The campaign was what happens when a party decides that “winning is a virtue,” as right-wing commentator Dana Loesch once said when explaining her support for Walker — that it is, in fact, the only virtue worth pursuing, at the expense of integrity, consistency, truthfulness. Herschel Walker’s campaign was as though a diabolical political scientist boiled down the essence of a typical Trump candidate to its essential goop, leaving behind the distilled dregs of a political philosophy that mostly centers on spouting off nonsense about pronouns and wokeness and reproductive rights and how climate legislation was unnecessary because there were “enough trees around here.”

Throughout the campaign, various commentators launched thoughtful conversations about Walker and what his candidacy said about political fitness. What his candidacy said about athlete worship. What it said about White America, and how White Americans might be using Walker for their own purposes (Please, do read Caroline Randall Williams’s sharp and thoughtful article on this topic in the Atlantic: “I don’t particularly care that Herschel Walker doesn’t seem to know he’s being used,” she wrote. “I care that America let it get this far.”).

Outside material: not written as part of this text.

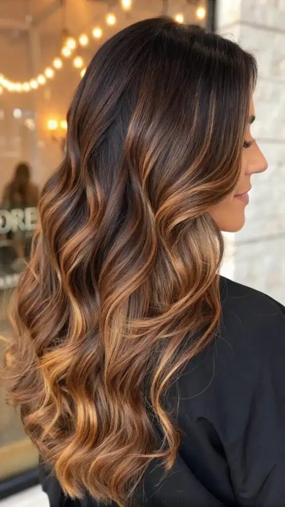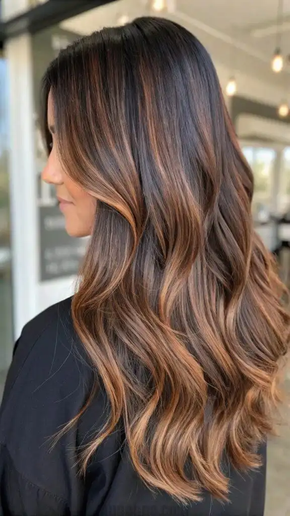 This versatile color works exceptionally well on layered cuts, where the shifting tones can emphasize the hair’s texture and movement. The smoky elements prevent the bronze from appearing too red or brassy, making this an excellent option for those who want warmth without orange undertones. The neutral nature of this balayage suits a wide range of skin tones.balayage long hair.

Certainly Walker himself would have been better off if he had remained retired as a beloved sports figure, in which case his personal demons might have remained private, rather than as a befuddling political figure, at which point they became fair game for public excavation.

In the end, these conversations might have been impactful — the man did lose, after all, though not by much. Less than 100,000 votes out of more than 3.5 million cast.

This (relatively) narrow result was yet another inevitability, one that has to do with another unfortunate reality of our politics: Candidate quality matters, but only at the margins. Walker is not heading to the Senate, but nearly half the Georgia electorate was ready and willing to send a man such as him to the government’s so-called “greatest deliberative body” at the behest of a former president and his core supporters, who might have voted for three bags of MAGA hats in a trench coat if Trump said it was a “great fighter.”

The candidate could have been anyone, and it was Herschel Walker.

It’s not Walker’s “controversial image” that voters, evangelical and otherwise, should be grappling with. It’s the fact that when confronted with this disaster of a campaign, they felt the need to grapple at all.